| Work to be completed |
Omit all pictures and transcribe only the lines in the entries below that run from the line with "2、遇到僵尸點(diǎn)擊" through the line with "The event section".

| Available data |
::::::

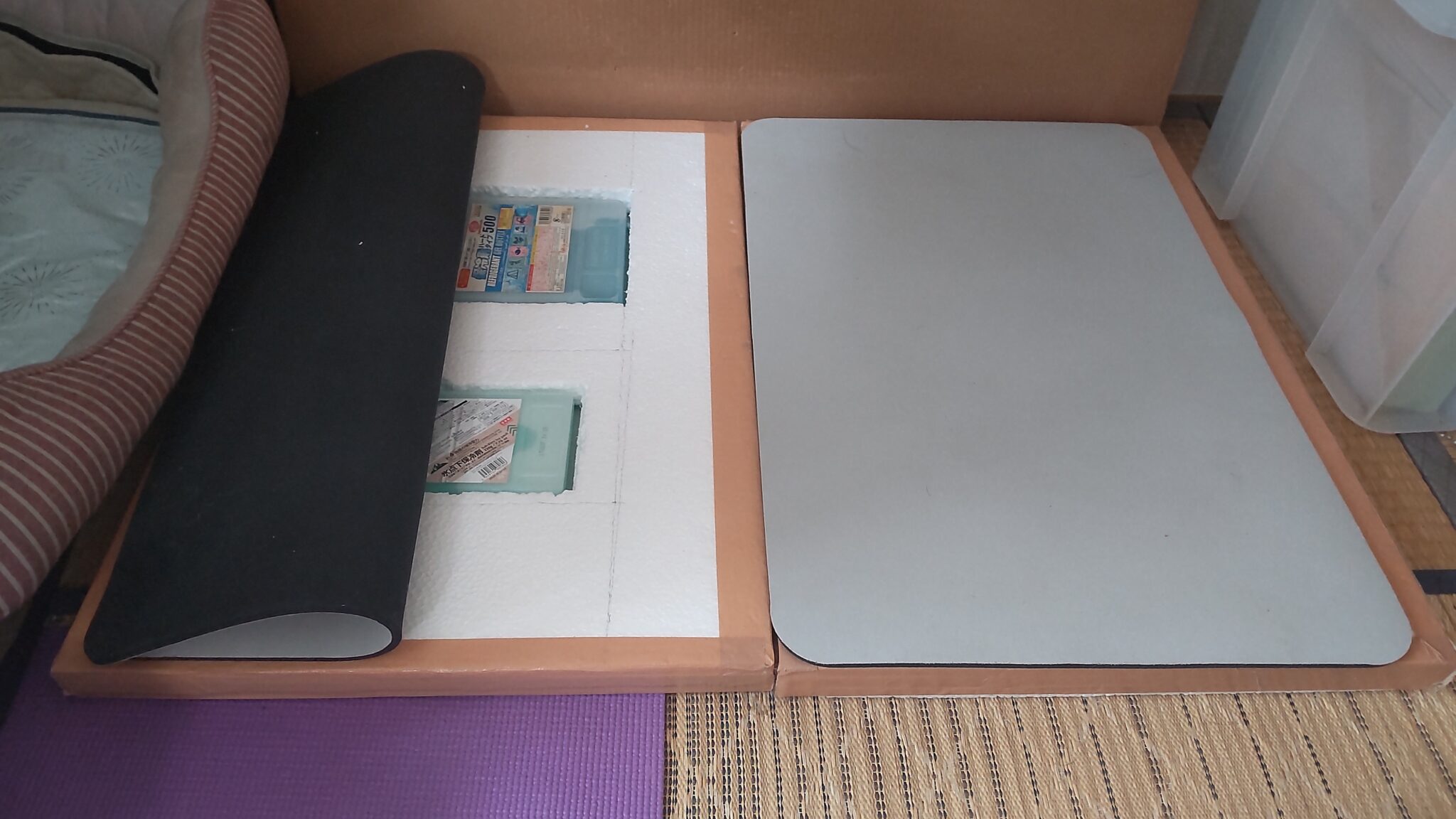 - 加工した発泡なんでも板を2枚を切った保冷アルミパックの上に置きます。(穴の位置にアルミパックが来るようにセットします)
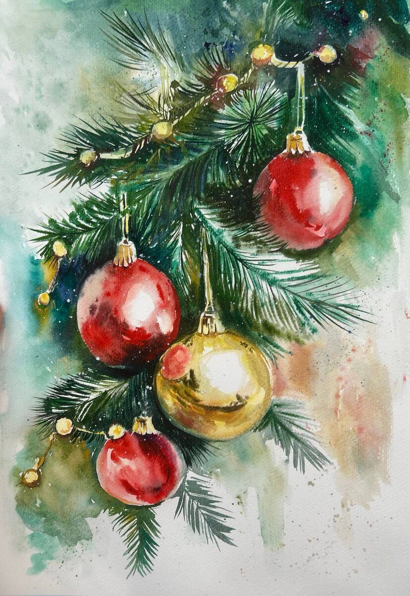 🔴 Акварель — научимся рисовать сверкающие новогодние шарики на ёлке.
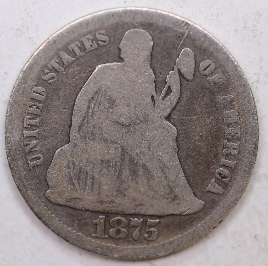 1875 Seated Liberty Dime, Collectible Circulated Coin, Store Sale #DE749.
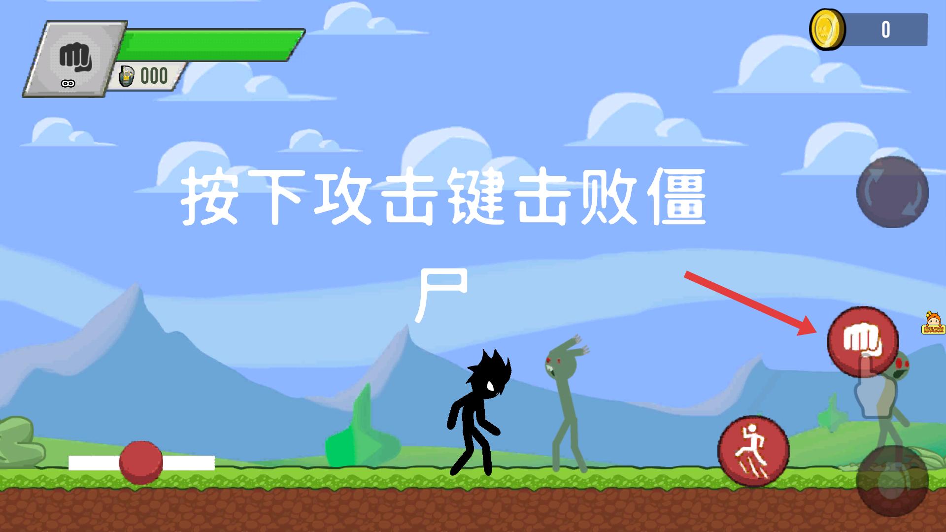 2、遇到僵尸點(diǎn)擊右側(cè)攻擊鍵,擊敗敵人,獲取金幣,注意把握攻擊時(shí)機(jī),提升戰(zhàn)斗效率。
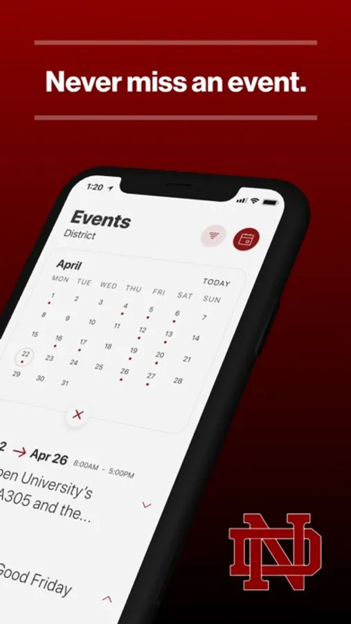 The event section shows a list of events throughout the district. Users can add an event to your calendar to share the event with friends and family with one tap.
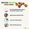 - Moisten your hair and scalp, create a paste with the Reetha / Reeta Powder and apply it onto your hair and scalp, allow it to sit for a few minutes, then rinse off the Kunkudukai powder for a thorough cleanse. A mixture of aavla ritha sikakai powder (hair color powder) is recommended.

::::::

| Response area |
 2、遇到僵尸點(diǎn)擊右側(cè)攻擊鍵,擊敗敵人,獲取金幣,注意把握攻擊時(shí)機(jī),提升戰(zhàn)斗效率。
 The event section shows a list of events throughout the district. Users can add an event to your calendar to share the event with friends and family with one tap.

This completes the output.